EXERCISE DIRECTIONS — Below this line is a set of entries; quote exactly the lines from the line that contains "3月21日下午,计科233班" to the line that contains "Ihana kimppumainen sormus, jossa", both lines included.

TASK MATERIAL —
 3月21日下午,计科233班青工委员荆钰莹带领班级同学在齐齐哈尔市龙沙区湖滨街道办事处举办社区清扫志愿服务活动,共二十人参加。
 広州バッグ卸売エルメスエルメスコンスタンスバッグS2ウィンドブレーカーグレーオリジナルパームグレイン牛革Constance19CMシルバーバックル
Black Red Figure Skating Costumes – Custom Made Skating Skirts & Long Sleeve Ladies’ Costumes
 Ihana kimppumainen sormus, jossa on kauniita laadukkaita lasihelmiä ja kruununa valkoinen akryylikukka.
---
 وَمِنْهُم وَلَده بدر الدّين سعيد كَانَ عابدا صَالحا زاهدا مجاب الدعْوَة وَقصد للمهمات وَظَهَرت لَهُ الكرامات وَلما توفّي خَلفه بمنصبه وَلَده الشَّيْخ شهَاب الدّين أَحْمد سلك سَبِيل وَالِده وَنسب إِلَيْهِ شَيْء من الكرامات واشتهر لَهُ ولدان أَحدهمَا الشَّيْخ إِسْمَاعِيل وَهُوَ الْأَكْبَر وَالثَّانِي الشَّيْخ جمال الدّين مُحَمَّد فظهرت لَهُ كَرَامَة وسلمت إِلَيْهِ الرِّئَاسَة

RESPONSE TO THIS TASK —
 3月21日下午,计科233班青工委员荆钰莹带领班级同学在齐齐哈尔市龙沙区湖滨街道办事处举办社区清扫志愿服务活动,共二十人参加。
 広州バッグ卸売エルメスエルメスコンスタンスバッグS2ウィンドブレーカーグレーオリジナルパームグレイン牛革Constance19CMシルバーバックル
Black Red Figure Skating Costumes – Custom Made Skating Skirts & Long Sleeve Ladies’ Costumes
 Ihana kimppumainen sormus, jossa on kauniita laadukkaita lasihelmiä ja kruununa valkoinen akryylikukka.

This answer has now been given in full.